Keywords: Key words: Aromatic amino acids ; Chorismate synthase ; Flavin reductase ; Shikimate pathway

Source: Springer Online Journal Archives 1860-2000

Topics: Biology

Notes: Abstract. Chorismate synthase, the seventh enzyme in the shikimate pathway, catalyzes the transformation of 5-enolpyruvylshikimate 3-phosphate to chorismate which is the last common precursor in the biosynthesis of numerous aromatic compounds in bacteria, fungi and plants. The enzyme has an absolute requirement for reduced FMN as a cofactor, although the 1,4-anti elimination of phosphate and the C(6proR)-hydrogen does not involve a net redox change.

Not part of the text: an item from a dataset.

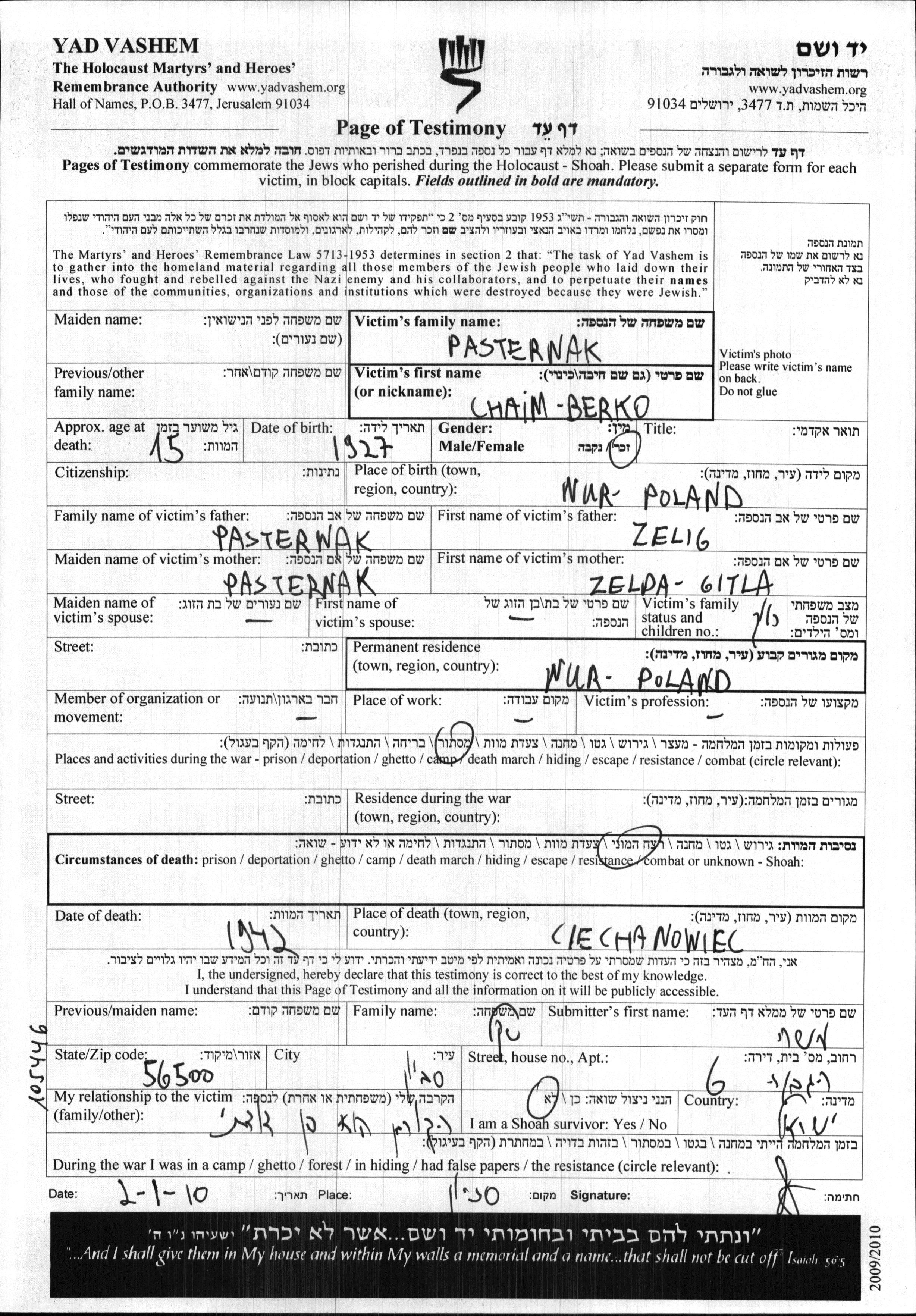 Chaim Berko Pasternak was born in Nur, Poland, 1927 to Zelig and Zelda Gitla. He was teenager. Prior to WWII he lived in Nur, Poland. Chaim Berko was murdered in the Shoah. Place of death: Ciechanowiec, Poland, 1942.

The role of the reduced FMN in catalysis has long been elusive. However, recent detailed kinetic and bioorganic approaches have fundamentally advanced our understanding of the mechanism of action, suggesting an initial electron transfer from tightly bound reduced flavin to the substrate, a process which results in C—O bond cleavage. Studies on chorismate synthases from bacteria, fungi and plants revealed that in these organisms the reduced FMN cofactor is made available in different ways to chorismate synthase: chorismate synthases in fungi – in contrast to those in bacteria and plants – carry a second enzymatic activity which enables them to reduce FMN at the expense of NADPH. Yet, as shown by the analysis of the corresponding genes, all chorismate synthases are derived from a common ancestor. However, several issues revolving around the origin of reduced FMN, as well as the possible regulation of the enzyme activity by means of the availability of reduced FMN, remain poorly understood. This review summarizes recent developments in the biochemical and genetic arena and identifies future aims in this field.